As I arrived early at the Space Theatre foyer for the Motus Collective's performance of The Leftovers, I sat with a glass of wine to observe the incoming audience and peruse the programme for the upcoming show.

The audience members arriving were diverse and quite animated as they entered. Young folks in tee-shirts and jeans mixing with older couples in posh frocks and business jackets were drawn, as I was, to an ambiguous sculptural form standing white and crude in the foyer with us. The object had a roughly humanoid form, standing about two metres tall, with five hands protruding from its midsection.

Curious.

The programme spoke of the Theseus's Paradox, a Greek thought experiment about the concept of a ship being rebuilt one piece of timber at a time until every component had been replaced. Is it the same ship or not? The contemporary, cruder and more comical analogy is that of Grandpa's Axe. It has had three new handles and two new heads, but it is still as good an axe as when Grandpa used it.

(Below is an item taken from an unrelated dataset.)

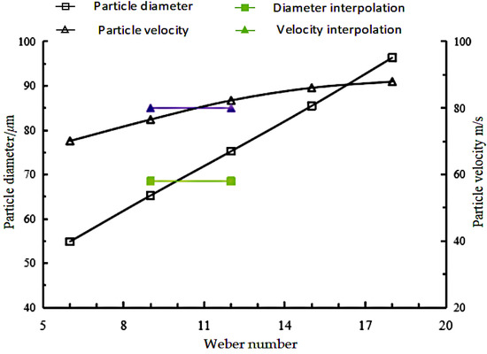 (1) The larger the critical Weber number, the more difficult the paint atomisation. According to the interpolation analysis of the experimental results, we set the critical Weber number of 9.97. With the increase in pressure, the atomisation diameter of the paint particles decreases; with the increase in atomisation pressure, the atomisation speed of the paint particles increases; with the increase in atomisation pressure, the collision kinetic energy of the paint particles increases. This means that, as the atomisation pressure increases, the atomisation effect of the paint becomes better.

As we entered the theatre itself, I was advised by an usher to sit as close to the front and as far to the side as I could. I took her advice and found a seat in the front right at the very end of the row and took in my surroundings.

The performance space was white. The floor was white. Three sculptural forms, by Nicholas Hanish, similar to the one in the lobby were white. Four dancers were moving around the space, apparently oblivious to us and each other, all dressed in white, and even their hair was whitened. On the far side of the space, another rank of seating rose, sandwiching the performers between the observers who were still filing in.

Alix Kuijpers's soundscape was ambiguous, neither natural nor musical, apparently arrhythmic, and almost atonal, just at the edge of the listener's ability to find form or pattern. The lighting was quite bright and shamelessly white and, coupled with the starkness of the set, the whole tableau was quite alien and disconcerting.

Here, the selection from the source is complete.